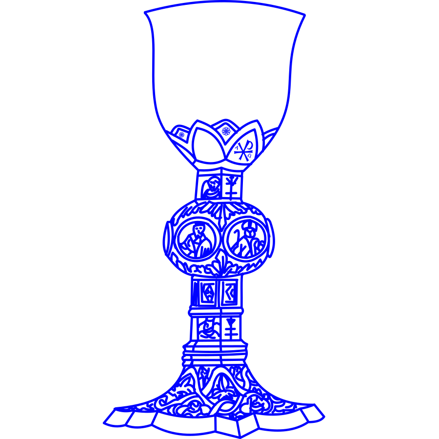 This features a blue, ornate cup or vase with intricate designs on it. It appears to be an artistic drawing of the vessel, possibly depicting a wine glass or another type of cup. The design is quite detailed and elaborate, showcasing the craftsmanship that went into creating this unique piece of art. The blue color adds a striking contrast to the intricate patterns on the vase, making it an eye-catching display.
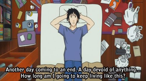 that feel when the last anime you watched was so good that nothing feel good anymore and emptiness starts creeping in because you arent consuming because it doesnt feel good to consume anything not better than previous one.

# # #

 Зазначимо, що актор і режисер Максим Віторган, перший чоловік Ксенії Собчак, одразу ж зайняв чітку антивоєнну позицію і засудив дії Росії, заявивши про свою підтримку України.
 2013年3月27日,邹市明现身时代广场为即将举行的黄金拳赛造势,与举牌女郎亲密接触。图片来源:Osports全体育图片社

# # #

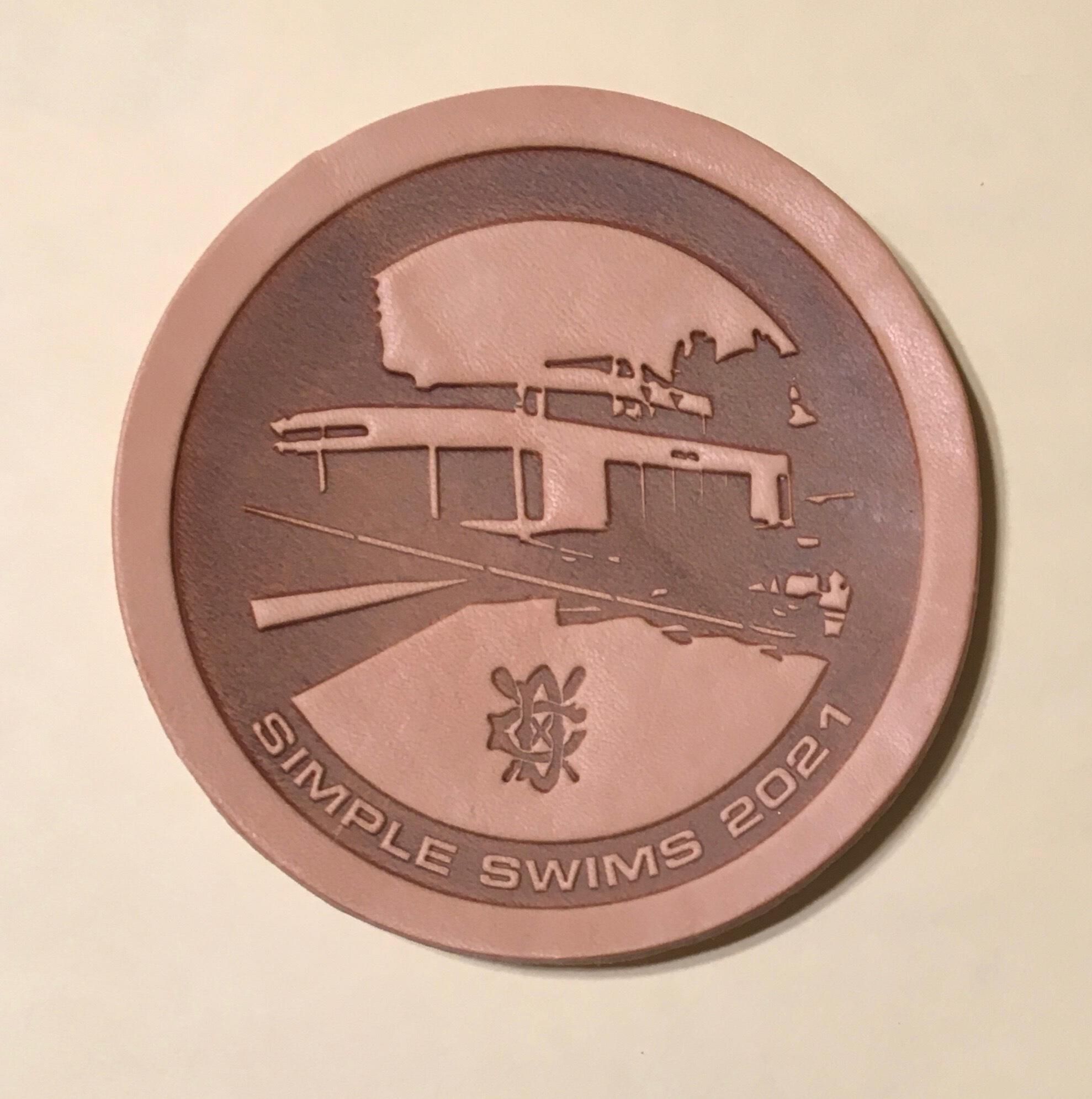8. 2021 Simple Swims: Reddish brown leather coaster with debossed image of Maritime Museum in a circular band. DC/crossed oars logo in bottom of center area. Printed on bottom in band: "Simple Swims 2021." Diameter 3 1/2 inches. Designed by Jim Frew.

# # #

→ **Work task**
Of all the material above, only the lines from the one that has "This features a" down to the one that has "that feel when" are to be written out, exactly and with both ends included. Pictures are skipped.

→ **Task response**
 This features a blue, ornate cup or vase with intricate designs on it. It appears to be an artistic drawing of the vessel, possibly depicting a wine glass or another type of cup. The design is quite detailed and elaborate, showcasing the craftsmanship that went into creating this unique piece of art. The blue color adds a striking contrast to the intricate patterns on the vase, making it an eye-catching display.
 that feel when the last anime you watched was so good that nothing feel good anymore and emptiness starts creeping in because you arent consuming because it doesnt feel good to consume anything not better than previous one.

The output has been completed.